◆ **WORK ITEM**
The lines below, from the one containing "1.487.439 انجام امور" through the one containing "Reproduction of the", should be set down exactly, with no pictures and nothing else.

++++

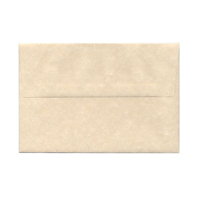 JAM Paper® Parchment Natural Recycled A8 Invitation Envelopes measure 5 1/2 x 8 1/8 inches in size and are made out of smooth, 30% recycled, 24lb paper. This pack contains a total of 25 envelopes. Each envelope in this set features a light brown natural parchment color with a marbled appearance. These envelopes have straight flaps and reliable gum closures to keep the items placed inside of them secure as they travel though the mail. Certain to give any items mailed in them a unique and elegant appearance, these envelopes are great for A8 sized invitations, greeting cards, Thank You cards, and much more!
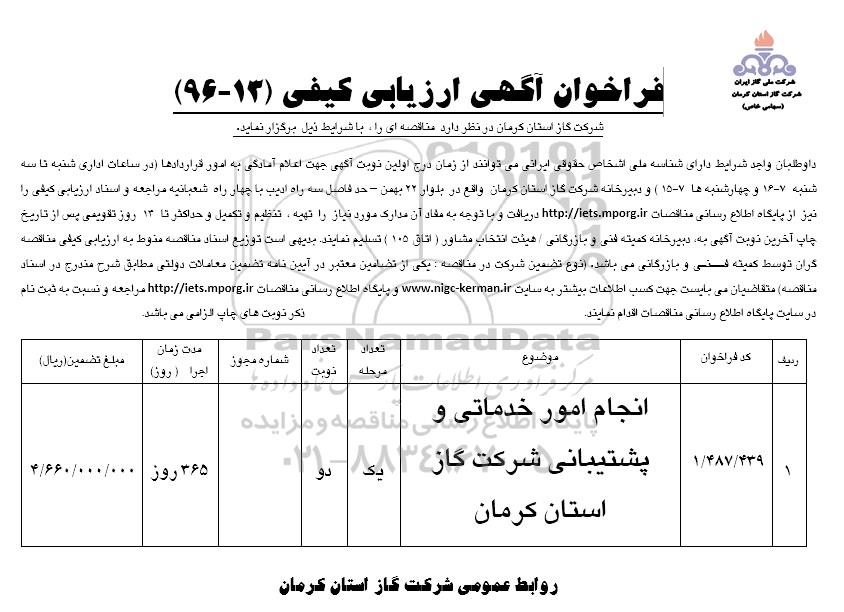 1.487.439 انجام امور خدماتی و پشتیبانی شرکت گاز استان کرمان
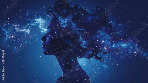 Wall mural a digital artwork of a woman's silhouette merging with a starry night sky, symbolizing the cosmos bl
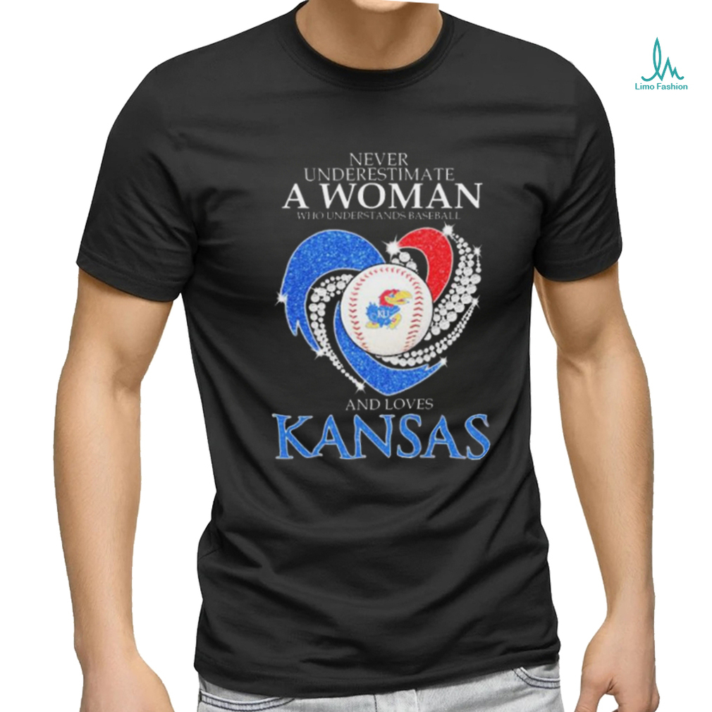 ()Never Underestimate A Woman Who Understands Baseball And Loves Kansas Jayhawks Heart Diamonds 2024 shirt, Hoodie, Sweater, Vneck, Unisex and T-shirt
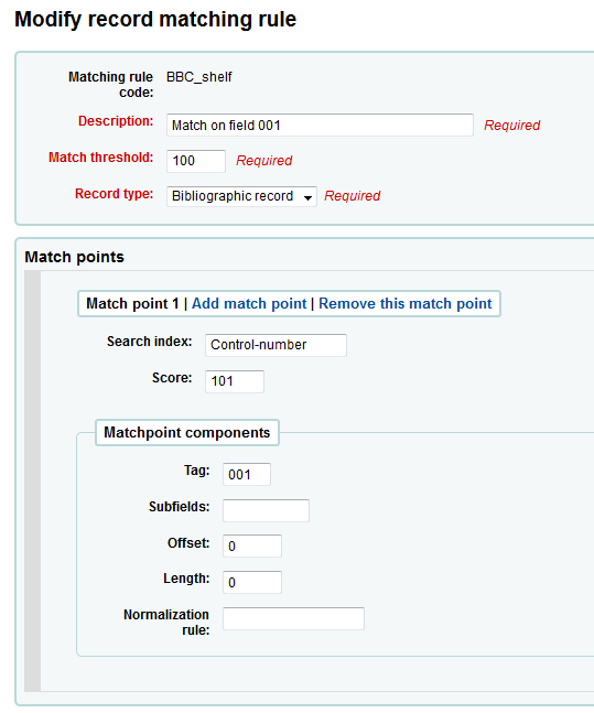 Reproduction of the problem: - Stage and import a MARC21 record that contains data in Field 001. Update the zebra-index if necessary. - Define a record matching rule (in Administration -> Record Matching Rules) on Field 001: Search index = Control-number ; Tag = 001 ; leave Subfield, Offset and Length empty. - Now import the exact same record again, using this matching rule. Expected result: match found Actual result: no match found My gut feeling is that because 001 is a Control Field without any subfields, something goes wrong.
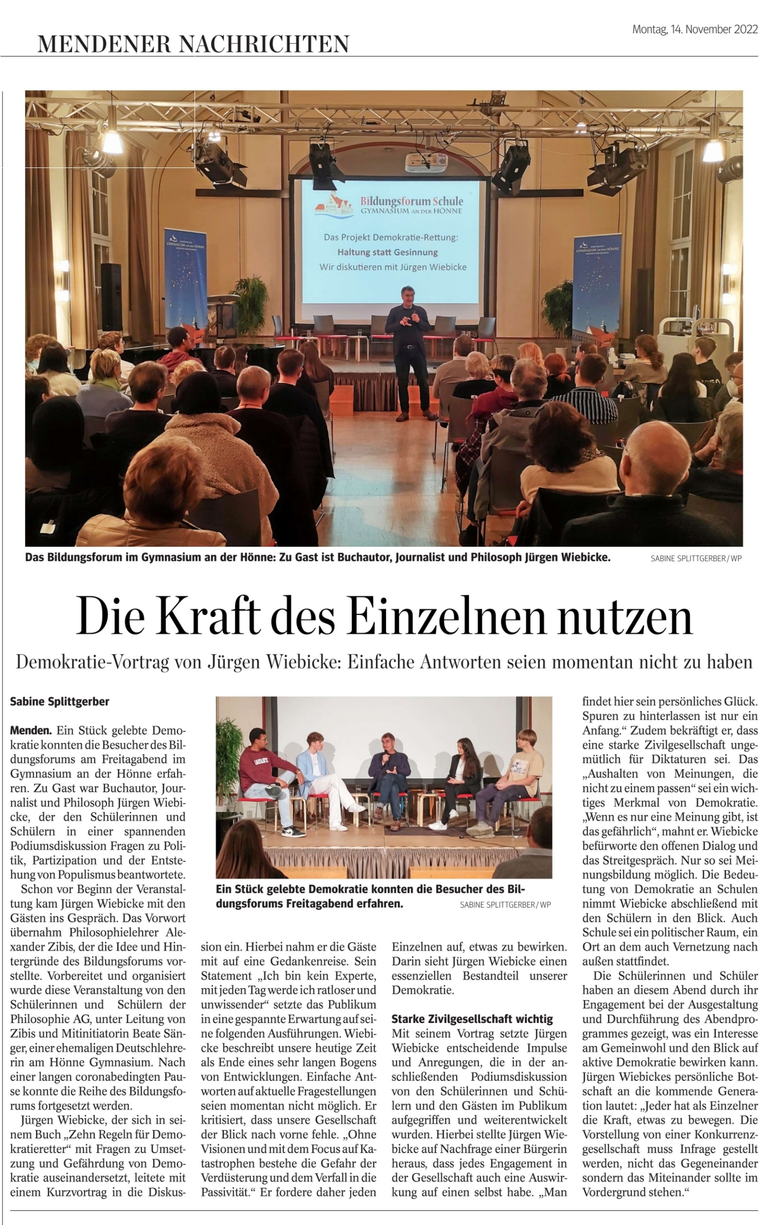 Jürgen Wiebicke, Journalist, Philosoph und Autor u.a. des Buches „10 Regeln für Demokratie-Retter“ war am 11. November 2022 Gast des Bildungsforums Schule am GHM.

++++

◆ **TASK ANSWER**
 1.487.439 انجام امور خدماتی و پشتیبانی شرکت گاز استان کرمان
 Wall mural a digital artwork of a woman's silhouette merging with a starry night sky, symbolizing the cosmos bl
 ()Never Underestimate A Woman Who Understands Baseball And Loves Kansas Jayhawks Heart Diamonds 2024 shirt, Hoodie, Sweater, Vneck, Unisex and T-shirt
 Reproduction of the problem: - Stage and import a MARC21 record that contains data in Field 001. Update the zebra-index if necessary. - Define a record matching rule (in Administration -> Record Matching Rules) on Field 001: Search index = Control-number ; Tag = 001 ; leave Subfield, Offset and Length empty. - Now import the exact same record again, using this matching rule. Expected result: match found Actual result: no match found My gut feeling is that because 001 is a Control Field without any subfields, something goes wrong.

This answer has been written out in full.